We perform three-dimensional general relativistic magnetohydrodynamic (GRMHD) simulations of a near-maximally spinning black hole (spin parameter, a = 0.998) with varying initial magnetic field geometries, systematically exploring the parameter space connecting magnetically arrested disk (MAD), intermediate (INT), and standard and normal evolution (SANE) accretion states. The magnetic flux threading the black hole horizon emerges as the fundamental state variable controlling jet efficiency, flow magnetization, and radiative output across all three states. We introduce complementary diagnostics-broadband spectral energy distributions spanning radio through hard X-ray frequencies and time-resolved X-ray light curves-that together connect simulation dynamics directly to multiwavelength observables. The radiative output follows a clear MAD > INT > SANE hierarchy in time-averaged luminosity, mean X-ray emission, as well as variability. Furthermore, MAD exhibits the highest fractional variability through quasi-periodic magnetic flux eruption events, and INT and SANE show moderate variability driven by episodic reconnection and stochastic MRI turbulence, respectively. Scaling to GRS 1915+105, Cyg X-1, and HLX-1, we demonstrate that all twelve temporal classes of GRS 1915+105 map naturally onto our three magnetic states, Cyg X-1's persistent hard state is reproduced by a sustained INT configuration, and HLX-1's extreme luminosities arise through efficient Blandford-Znajek extraction in MAD states scaled to higher black hole mass.

Editorial analysis

A structured set of objections, weighed in public.

Desk editor's note, referee report, simulated authors' rebuttal, and a circularity audit. Tearing a paper down is the easy half of reading it; the pith above is the substance, this is the friction.

Referee Report

2 major / 2 minor

Summary. The manuscript reports three-dimensional GRMHD simulations of a near-maximally spinning black hole (a = 0.998) with varying initial magnetic field geometries that realize MAD, INT, and SANE accretion states. The central claim is that the magnetic flux threading the black hole horizon is the fundamental state variable controlling jet efficiency, flow magnetization, and radiative output.
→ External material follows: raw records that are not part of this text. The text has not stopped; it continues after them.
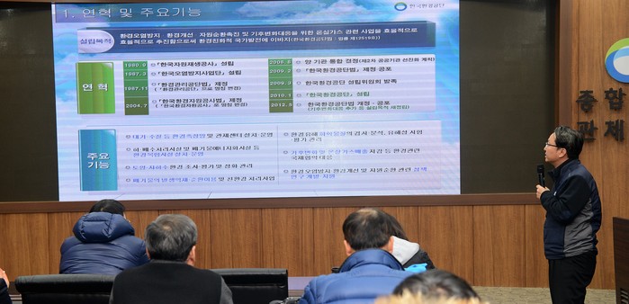 환경공단 사업계획 소개에서 ▲한국환경공단 주요업무현황 ▲노후수도관 관망 개선사업 ▲공중전화부스 활용 전기차 공공급속충전시설설치 업무소개 등이 있었다.
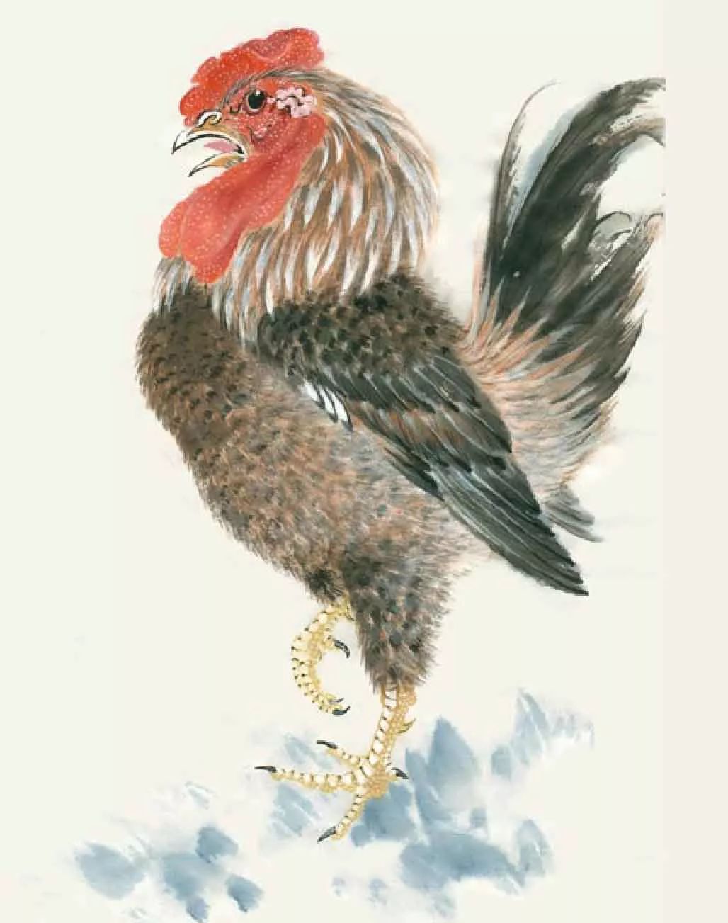 6.公鸡通身敷染淡赭石,使其温润;覆羽、飞羽以及尾翎敷染淡花青,以表现其劲挺的质感和神采;用藤黄染鸡嘴,胭脂分染眼白。
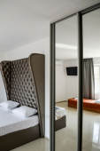 | Мебель: | двуспальная кровать, диван-кровать, шкаф, стулья, стол, зеркало |

The authors introduce broadband SEDs (radio to hard X-ray) and time-resolved X-ray light curves as diagnostics, reporting a clear MAD > INT > SANE hierarchy in time-averaged luminosity, mean X-ray emission, and variability, with MAD states showing quasi-periodic flux eruptions. They map the three states onto the twelve temporal classes of GRS 1915+105, the persistent hard state of Cyg X-1, and the extreme luminosities of HLX-1.

Significance. If the results hold, the work supplies a unified picture in which a single parameter—the horizon magnetic flux—organizes jet power, magnetization, and multi-wavelength variability across accretion states. The systematic exploration of initial field geometries and the direct connection of simulation outputs to observables via post-processed SEDs and light curves are constructive features. The study could help interpret the diversity of X-ray binary and ULX phenomenology within a common GRMHD framework.

major comments (2)
  1. [Methods / simulation setup] The simulations are performed in ideal GRMHD with no radiative cooling term in the energy equation. Because the central claims concern radiative output, SEDs, and variability hierarchies (including quasi-periodic eruptions in MAD states), the lack of cooling means that internal energy accumulates and the temperature/density profiles fed into the post-processing are not regulated by the same thermodynamics that would operate in real disks. This assumption is load-bearing for the reported MAD > INT > SANE ordering and for the direct scaling to GRS 1915+105, Cyg X-1, and HLX-1.
  2. [Results / observational scaling] The scaling of simulated luminosities and variability amplitudes to observed sources assumes that the ideal-MHD, no-cooling results translate directly. It is unclear whether the claimed flux-controlled hierarchy in radiative efficiency and magnetization would survive once radiative losses are included self-consistently, which could alter both the accretion flow structure and the Blandford-Znajek extraction efficiency presented as flux-controlled.
minor comments (2)
  1. [Abstract] The abstract states that all twelve temporal classes of GRS 1915+105 map onto the three magnetic states; an explicit mapping or table in the main text would make this claim easier to evaluate.
  2. [Methods] Clarify the precise criteria used to classify a run as MAD, INT, or SANE (e.g., horizon flux thresholds or saturation levels) and how the chosen initial field geometries achieve these states.

Simulated Author's Rebuttal

2 responses · 0 unresolved

We thank the referee for their constructive review and for recognizing the potential of our work to provide a unified framework linking magnetic flux to accretion states and observables. We address each major comment below with clarifications on our methodology and planned revisions to strengthen the manuscript.

read point-by-point responses

  1. Referee: [Methods / simulation setup] The simulations are performed in ideal GRMHD with no radiative cooling term in the energy equation. Because the central claims concern radiative output, SEDs, and variability hierarchies (including quasi-periodic eruptions in MAD states), the lack of cooling means that internal energy accumulates and the temperature/density profiles fed into the post-processing are not regulated by the same thermodynamics that would operate in real disks. This assumption is load-bearing for the reported MAD > INT > SANE ordering and for the direct scaling to GRS 1915+105, Cyg X-1, and HLX-1.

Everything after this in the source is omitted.